A few days later, he ran into a friend whose mother-in-law’s home had suffered a serious fire. The friend told Capt. Hardin that despite the damage that was done to the house, his mother-in-law had gone on and on about how the fire department had cared for her pictures. It wasn’t her couch, lamp or fine china that she cared had been protected—it was the family memories that meant the most to her.
And guess what—it was the same house.
Of course, there are situations when something is both high value and irreplaceable. We have a couple Frank Lloyd Wright buildings in Buffalo. One in particular is on the national register of historic places; it’s called the “Darwin Martin House” and it’s actually a compound of several buildings.
The property’s curators asked us not to break the stained-glass windows if there were a fire. Odd, I thought: the occupant advising us on how to fight a fire. At first, I was put off by this request. I try to only break windows that I feel need to be broken.
After a tour of the buildings, I learned that some of the windows are valued at around $20,000—and are definitely irreplaceable. I also learned that many of the windows are just regular glass with a stained-glass-looking plastic film applied. OK, I can work with this, I thought. Now that I know what to look for, if possible, I will break the knock-offs instead of the high-value, irreplaceable windows.
Another example of why it’s important to save anything and everything we can occurred in February in the Buffalo suburb of Clarence Center. A plane crashed into a house and completely destroyed it. A man in the home was killed, but his wife and daughter miraculously escaped. The house was obliterated but a detached garage behind the house received very little damage. In the days following the crash, the newly widowed occupant expressed a desire to retrieve her husband’s things from the garage because that was all she had to remember him by. Clearly it wasn’t the dollar value attached to those items, but rather the fact that they belonged to a lost loved one.

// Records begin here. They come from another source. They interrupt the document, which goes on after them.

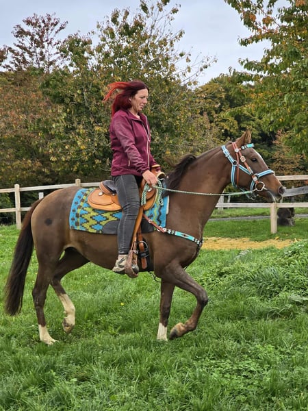Leisure Mare - Mix Mare for Leisure and Trail Riding* *Age*: 12 years, ridden *Height*: approx. 1.55 m *Equipment*: E-pass, microchip, and veterinary check available *Price*: €5400 A beautiful mare that is ideal for trail and leisure riding. She is a versatile leisure horse, suitable for both English and Western riding. She has a wonderful, balanced temperament and feels comfortable in a herd, but also does well in a stable. ### *What Makes Her Special:* - Used to open stable and herd living; box living is also not a problem - Ideal for leisure and trail riders - Very balanced and uncomplicated to handle *Interested?* Feel free to call us at *0171-4001968* (daily from 8 AM to 8 PM). *Please no emails or WhatsApp, only calls!* *Additional Information:* - Accessories and transport can be organized at a low cost. - Our farm shop offers a small selection of used Western saddles. - *Installment payments are not possible.* *Customer Service:* - Every customer receives a contractually guaranteed *three-month exchange right.* - A test ride with us is possible, so you can get to know your dream horse. For €35, you can ride, have her ridden for you, go for a walk, or more. If desired, you can also test a second horse for €25. This amount will of course be deducted from the purchase price of a horse on the same day. *Special Features:* - If picked up immediately with a horse trailer, you will receive *a discount of €100.* - We conduct the sale with a transparent test ride to ensure it is the right horse for you. *Legal:* - We are the sole and unrestricted owners of the images; the image rights are with us. *Unauthorized use of the images is prohibited.* - Please note that this is a living horse. Our information is based on the impressions of the caretaker and does not constitute guaranteed characteristics. - Advertisements will be deleted immediately once the horses are sold. *Interested?* Feel free to call us at *0171-4001968* (daily from 8 AM to 8 PM). *Please no emails or WhatsApp, only calls!*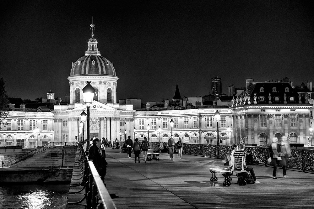 A quiet night walk on the Pont des Arts with the city lights reflecting the elegance of Paris.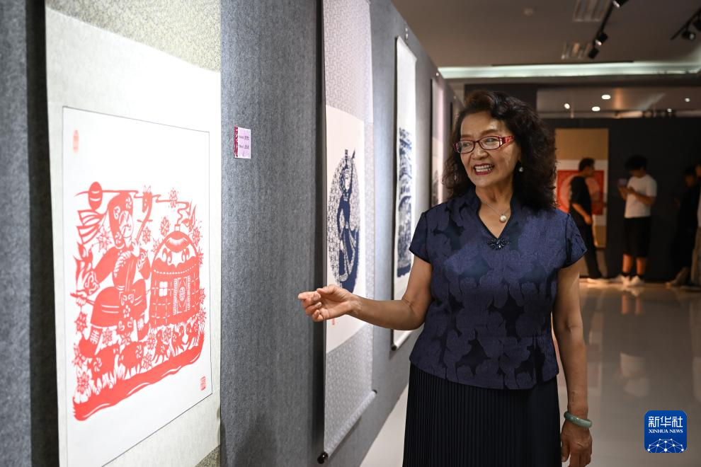 6月20日,和林格尔剪纸国家级代表性传承人段建珺(右)在呼和浩特职业学院美术馆向嘉宾介绍剪纸作品。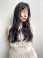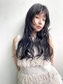 ロングパーマスタイル。顔まわりはワンカール、全体はゆるめのウェーブパーマの無造作ウェーブロングです。

Firefighters are professionals and, for the most part, we shouldn’t let emotions get in the way of doing our job. But this doesn’t mean that we can’t or shouldn’t show compassion and empathy for fire victims. So before your arrival, keep in mind that the victim’s lives may now be in turmoil, and your actions can minimize this turmoil. If you start to lose sight of this, take a look behind you on your way into the next fire building. Glance at the faces of the victims and think about how you can best—and safely—protect their valuables.